* _Given information_

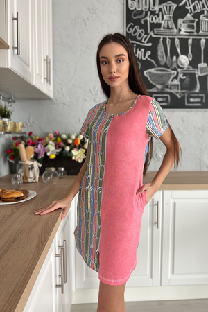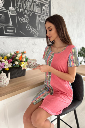 Халат на молнии, полуприлегающего силуэта, длиной выше колена, с округлой горловиной, с карманами в боковом шве, с фигурной линией низа. Рукав втачной, короткий. Горловина обработана бейкой из основного полотна.
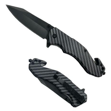 This Knife boasts a 3.5” 420 stainless black coated steel blade and a 4.5” UV printing plastic handle, combining for an overall length of 8”. With a cutter and glass breaker included, users can benefit from the hard-wearing durability and precision of this product. It is perfect for a range of cutting and heavy-duty tasks.
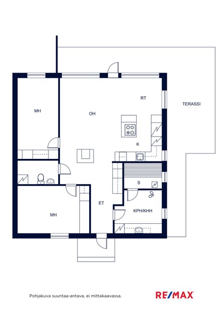 - Eteisestä kulku käyttöullakolle. Tikapuut/portaat saa vedettyä alas.

* _Activity_
Extract the run of lines beginning with the line that holds "This Knife boasts" and ending at the last line of the data, inclusive. Exclude any pictures from the copy.

* _Exercise solution_
 This Knife boasts a 3.5” 420 stainless black coated steel blade and a 4.5” UV printing plastic handle, combining for an overall length of 8”. With a cutter and glass breaker included, users can benefit from the hard-wearing durability and precision of this product. It is perfect for a range of cutting and heavy-duty tasks.
 - Eteisestä kulku käyttöullakolle. Tikapuut/portaat saa vedettyä alas.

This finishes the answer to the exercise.